◆ Activity
Repeat exactly, and nothing more, the lines from the one that includes "川沿いを食べ歩きながら歩いた" through the final line of the entries; skip the pictures.

(Given data Opens)

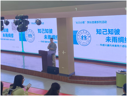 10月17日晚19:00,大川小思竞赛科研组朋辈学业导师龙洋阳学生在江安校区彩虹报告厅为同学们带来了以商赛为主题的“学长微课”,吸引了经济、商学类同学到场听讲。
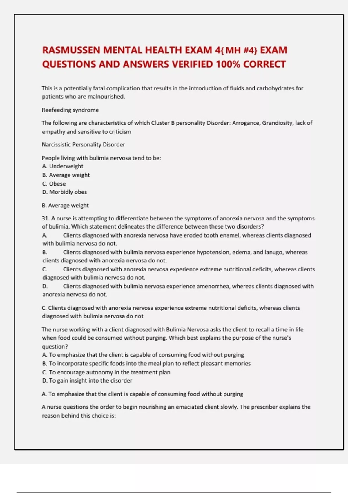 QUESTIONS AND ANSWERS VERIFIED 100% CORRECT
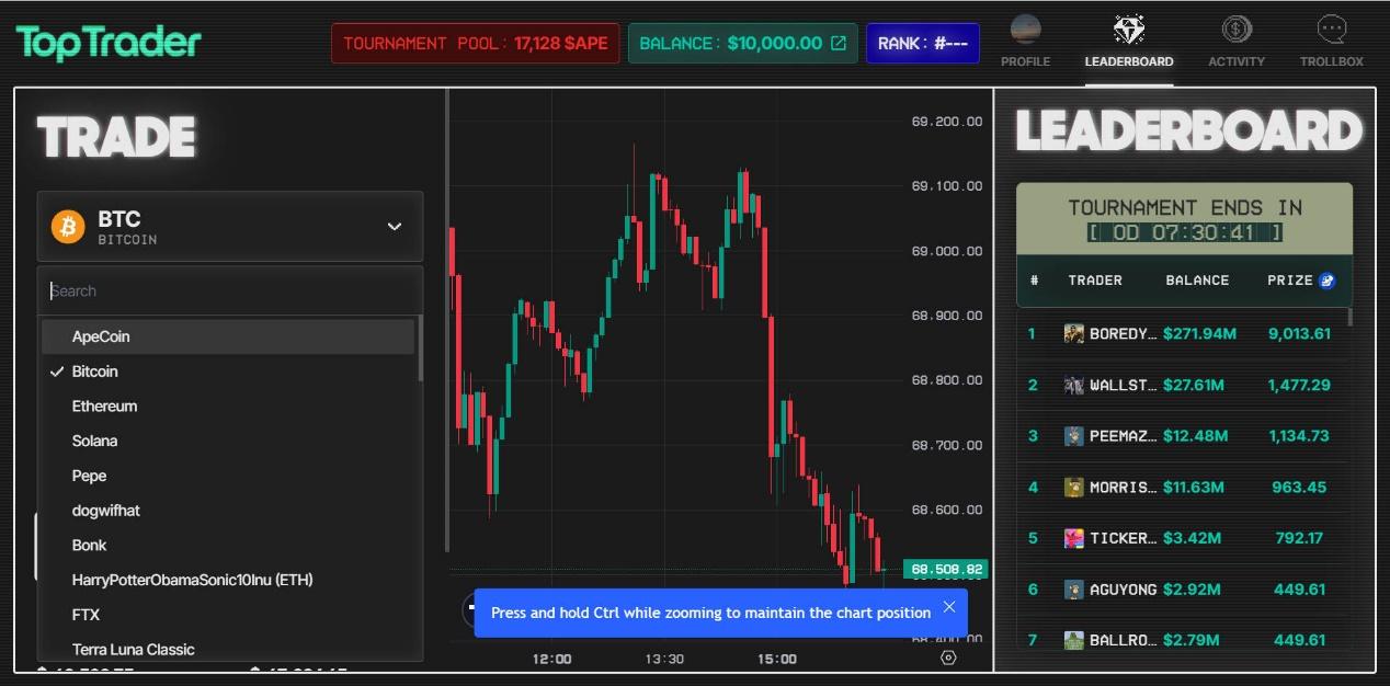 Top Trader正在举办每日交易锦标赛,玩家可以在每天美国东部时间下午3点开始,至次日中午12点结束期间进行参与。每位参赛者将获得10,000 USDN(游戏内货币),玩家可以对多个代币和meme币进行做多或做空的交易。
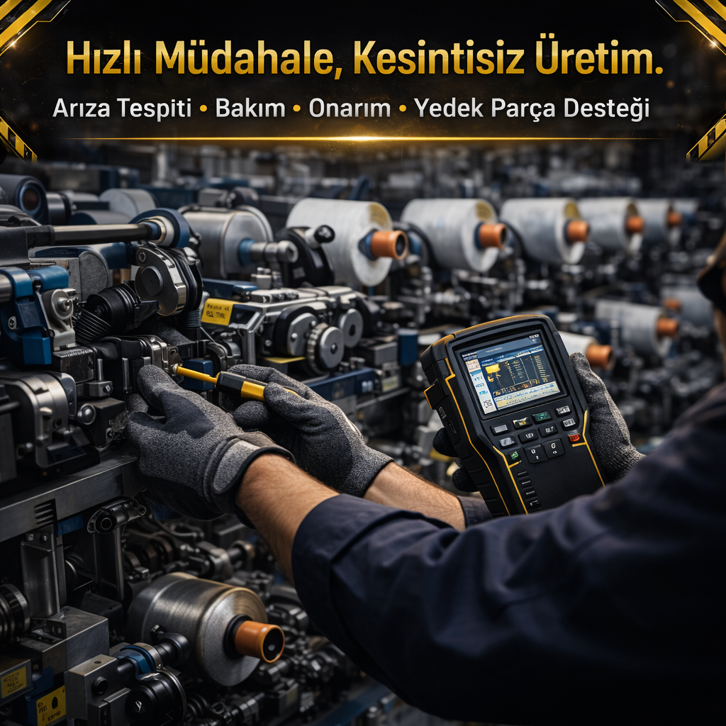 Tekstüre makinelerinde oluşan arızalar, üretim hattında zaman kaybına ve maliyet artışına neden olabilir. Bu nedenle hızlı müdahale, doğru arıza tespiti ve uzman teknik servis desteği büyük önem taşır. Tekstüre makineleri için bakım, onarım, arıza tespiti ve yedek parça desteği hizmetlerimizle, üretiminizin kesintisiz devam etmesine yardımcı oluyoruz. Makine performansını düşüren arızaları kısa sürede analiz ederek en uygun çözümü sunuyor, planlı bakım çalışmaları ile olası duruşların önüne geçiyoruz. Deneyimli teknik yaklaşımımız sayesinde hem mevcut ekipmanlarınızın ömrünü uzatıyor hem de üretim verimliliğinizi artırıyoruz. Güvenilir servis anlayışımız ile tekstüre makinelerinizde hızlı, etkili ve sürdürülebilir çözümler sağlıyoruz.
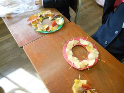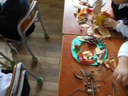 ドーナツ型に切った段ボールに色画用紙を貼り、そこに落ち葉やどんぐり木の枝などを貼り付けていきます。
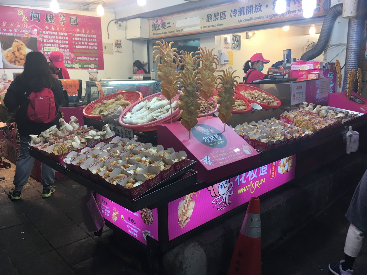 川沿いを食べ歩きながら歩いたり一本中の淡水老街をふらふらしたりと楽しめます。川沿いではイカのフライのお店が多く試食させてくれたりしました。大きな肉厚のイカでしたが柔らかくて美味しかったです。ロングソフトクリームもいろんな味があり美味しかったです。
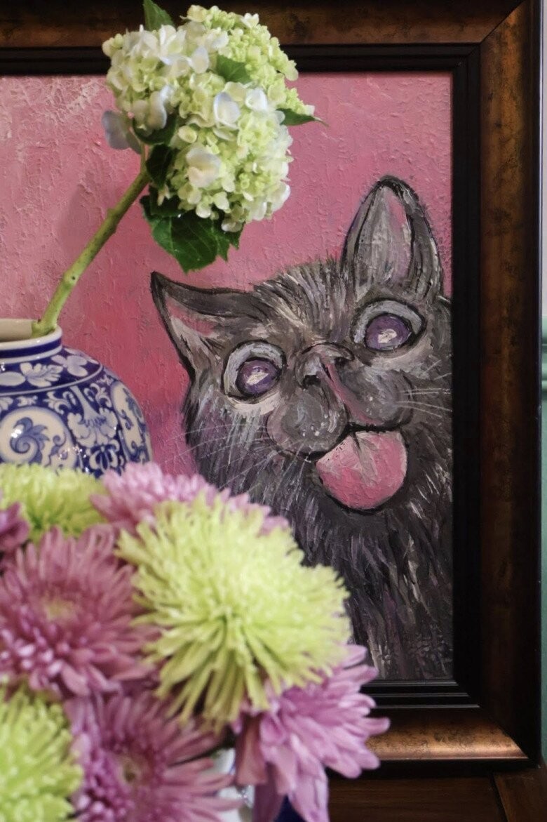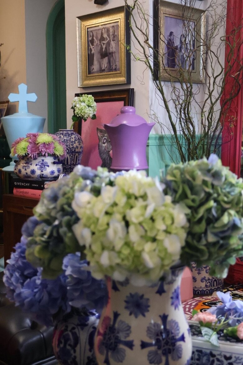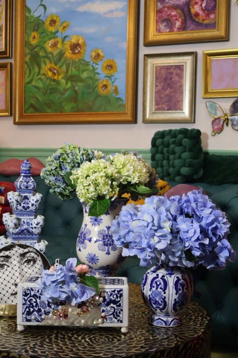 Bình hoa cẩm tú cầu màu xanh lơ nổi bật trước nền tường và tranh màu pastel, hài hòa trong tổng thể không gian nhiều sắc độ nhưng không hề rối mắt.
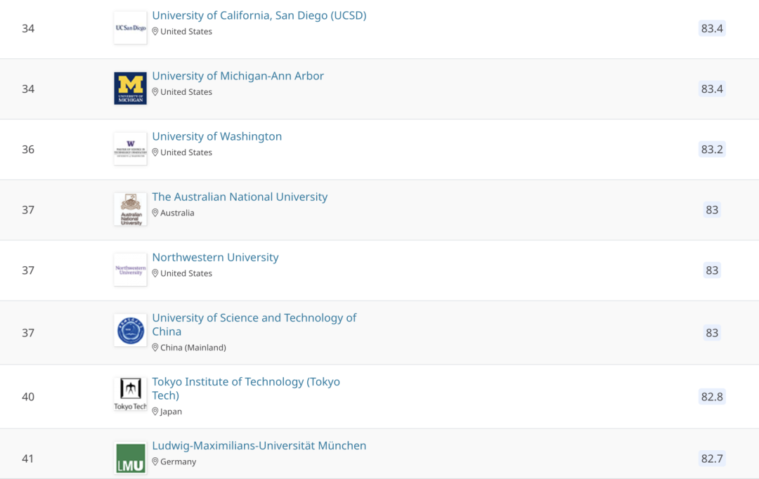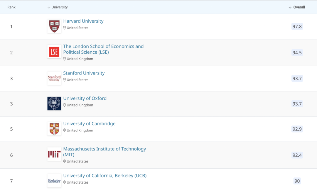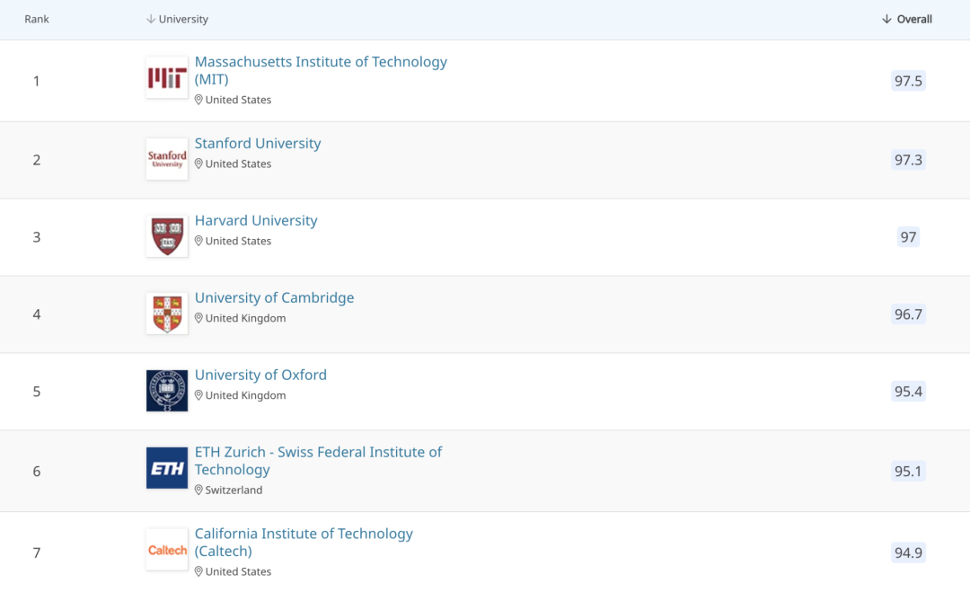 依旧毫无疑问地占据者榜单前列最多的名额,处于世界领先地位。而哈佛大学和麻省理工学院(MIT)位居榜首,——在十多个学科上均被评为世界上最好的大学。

(Given data Closes)

◆ Answer space
 川沿いを食べ歩きながら歩いたり一本中の淡水老街をふらふらしたりと楽しめます。川沿いではイカのフライのお店が多く試食させてくれたりしました。大きな肉厚のイカでしたが柔らかくて美味しかったです。ロングソフトクリームもいろんな味があり美味しかったです。
 Bình hoa cẩm tú cầu màu xanh lơ nổi bật trước nền tường và tranh màu pastel, hài hòa trong tổng thể không gian nhiều sắc độ nhưng không hề rối mắt.
 依旧毫无疑问地占据者榜单前列最多的名额,处于世界领先地位。而哈佛大学和麻省理工学院(MIT)位居榜首,——在十多个学科上均被评为世界上最好的大学。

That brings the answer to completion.